Cocktail Sticks

Theatre, West End
4 out of 5 stars

Time Out says

4 out of 5 stars

Whether through modesty or miscalculation, the National Theatre's normally formidable marketing arm seems to have sold this superb pair of autobiographical Alan Bennett pieces a little short. This is to your advantage: while Bennett's 'proper' new play 'People' remains stubbornly sold out, there is good availability for the small smattering of dates for each of 'Hymn' and 'Cocktail Sticks' .

Highly complementary, the two are best watched together on a Sunday double bill; failing that, 'Cocktail Sticks' is the one you'll want to see, a fine, funny, fully-staged production that's easily the equal of 'People' – with a cast to boot.
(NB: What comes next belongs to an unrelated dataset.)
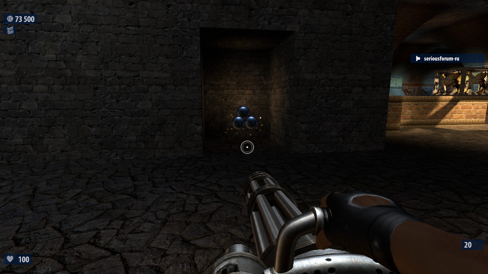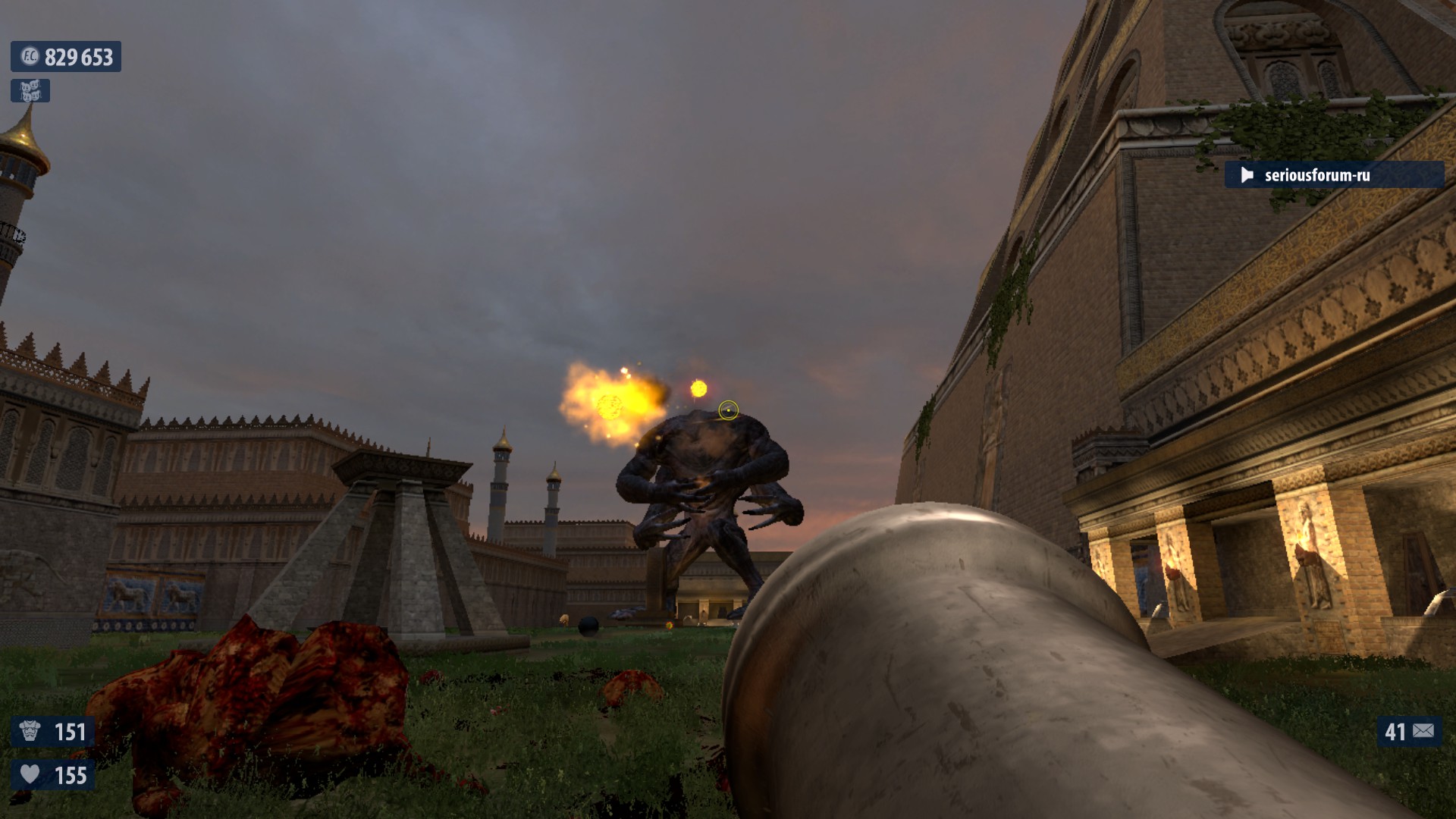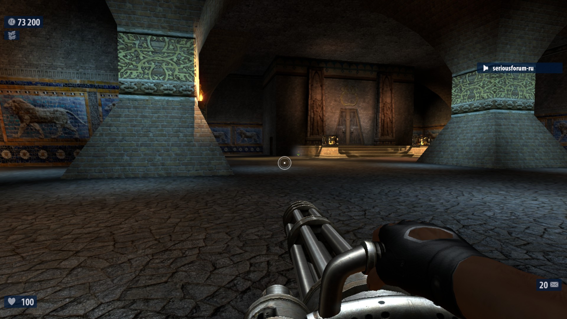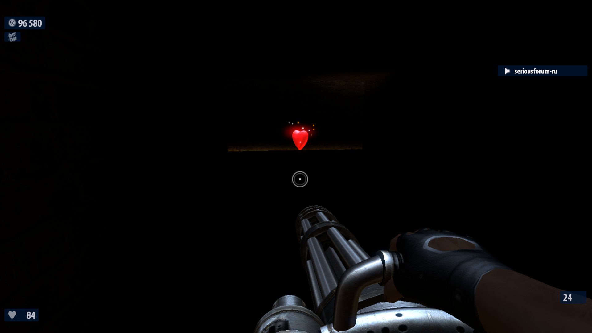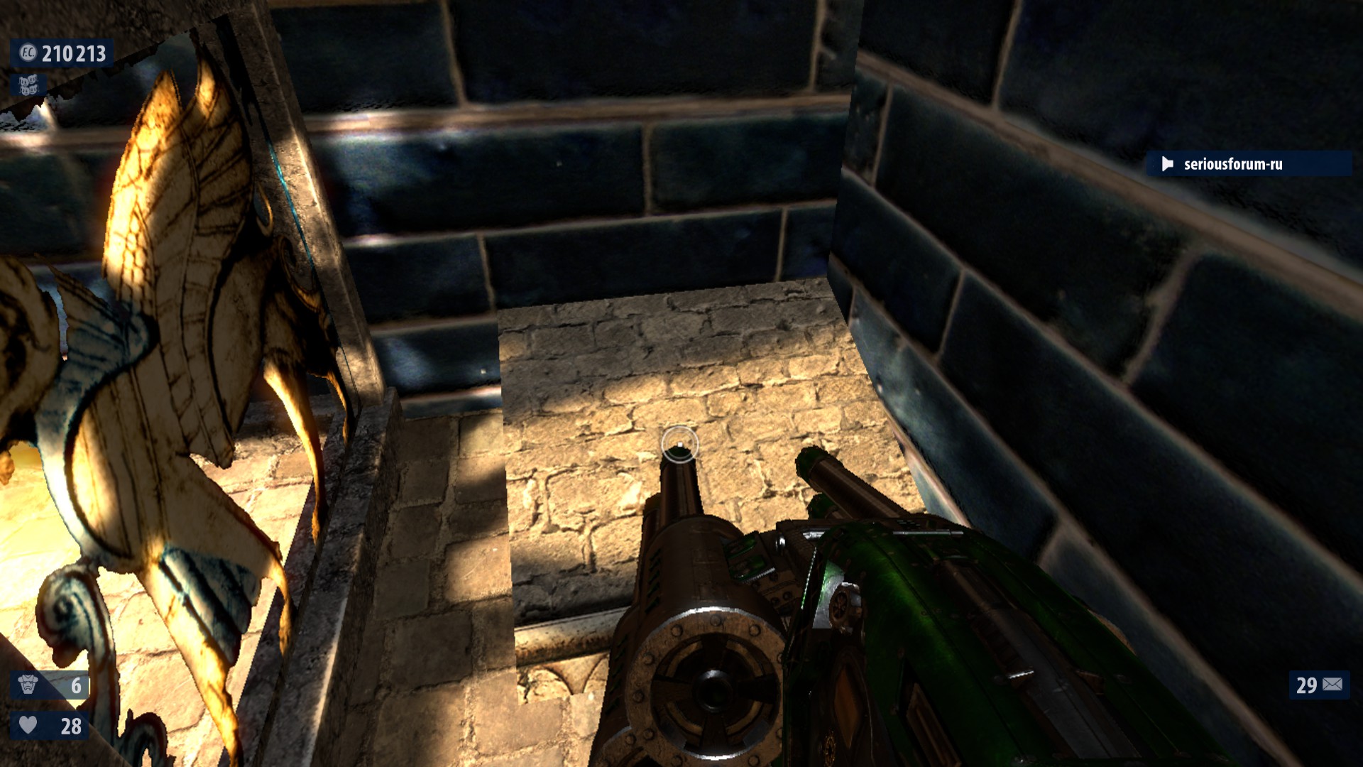 Церемониальный зал. Слева от выхода в нише имеются (патроны -1). Далее идем до пропасти. Справа под лестницей видно (сердце - 2). Но перед ним есть невидимый телепорт. Просто обходим его. После первого пролета спускаемся по лестнице – в нише есть (патроны - 3). Далее спускаемся на лифте вниз, где выстрелив в норку из ракетницы, вызываем (бычков - 4). Проходим все лестницы и пролеты. После крутого спуска поворачиваем налево за угол, за факел. Там трамплин выталкивает на выступ с (боезапасом - 5). Выходим к башне. Слева в стене есть башенка, стреляем в нее ,там (телепорт - 6) на студию, где есть броня и если все разнести кроме самого себя, то и сердце. В походе за третьей картой, около монолитной плиты в закутке есть темный квадрат, а там (бессмертие - 7). В следующей комнате таблетка и

At the centre of each is a towering performance from Alex Jennings as Bennett. With his bleached hair, NHS specs, blazer, V-neck and clipped Yorkshire accent, he is so Bennett-esque as to initially appear almost parodic. Yet the slight feel of staginess in both of Nicholas Hytner's productions is perfectly judged – it allows Jennings to turn in a funnier, sadder and more detailed performance than the 78-year-old playwright could possibly have offered himself. And more than mere imitation, it is unabashedly a tribute to Bennett, a celebration of an idiosyncratic British icon now rarely seen in public.

If you're not interested in Bennett the man, you're definitely in the wrong place. 'Hymn', originally performed by Bennett himself in 2001, is a half hour piece with music by George Fenton in which – over pastoral, occasionally playful strings – Bennett/Jennings muses on his formative experiences of music and his difficulty in bonding with his father, a Leeds butcher who dabbled with the violin. It is poignant and witty but short at half an hour.

The new 'Cocktail Sticks' is the more substantial, a spiky, moving adaptation of Bennett's memoir 'A Life Like Other People's' which traces his relationship with his working-class parents over the course of an hour. There is lovely work from Gabrielle Lloyd as Bennett's irrepressible mum and Jeff Rawle as his determinedly old-fashioned father, and if there is a whiff of sentiment, the sheer brilliance of the language carries the day.

Conceivably it might be the last new Bennett play ever staged at the NT – if so it would be a very justified last hurrah. Catch it before word finally gets out.